_DATA EXTRACT_
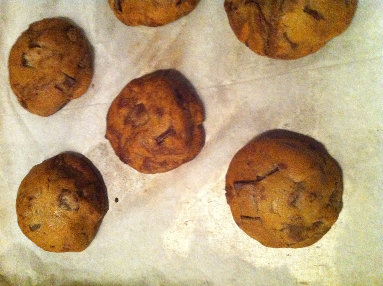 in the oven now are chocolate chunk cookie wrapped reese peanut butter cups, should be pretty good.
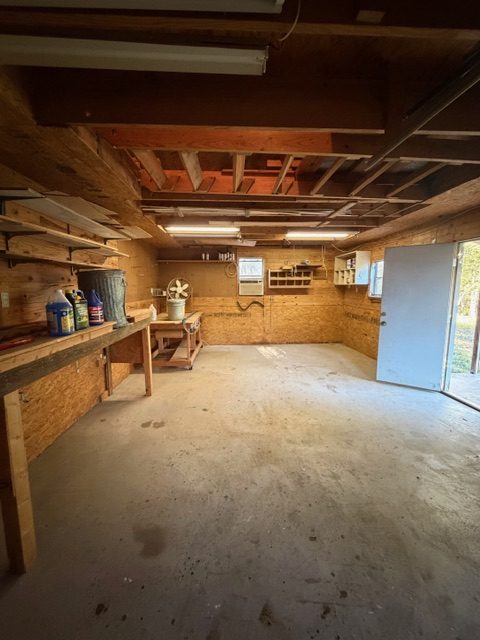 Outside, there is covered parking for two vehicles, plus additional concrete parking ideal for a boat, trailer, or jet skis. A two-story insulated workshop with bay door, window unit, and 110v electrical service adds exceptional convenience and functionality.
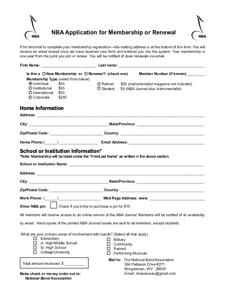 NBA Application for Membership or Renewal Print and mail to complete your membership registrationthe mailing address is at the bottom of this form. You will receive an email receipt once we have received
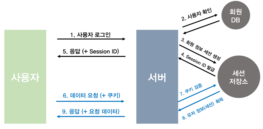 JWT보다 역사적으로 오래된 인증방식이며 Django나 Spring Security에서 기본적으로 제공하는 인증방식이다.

_YOUR OBJECTIVE_
Reproduce the lines above exactly, image-free.

_ANSWER BOX_
 in the oven now are chocolate chunk cookie wrapped reese peanut butter cups, should be pretty good.
 Outside, there is covered parking for two vehicles, plus additional concrete parking ideal for a boat, trailer, or jet skis. A two-story insulated workshop with bay door, window unit, and 110v electrical service adds exceptional convenience and functionality.
 NBA Application for Membership or Renewal Print and mail to complete your membership registrationthe mailing address is at the bottom of this form. You will receive an email receipt once we have received
 JWT보다 역사적으로 오래된 인증방식이며 Django나 Spring Security에서 기본적으로 제공하는 인증방식이다.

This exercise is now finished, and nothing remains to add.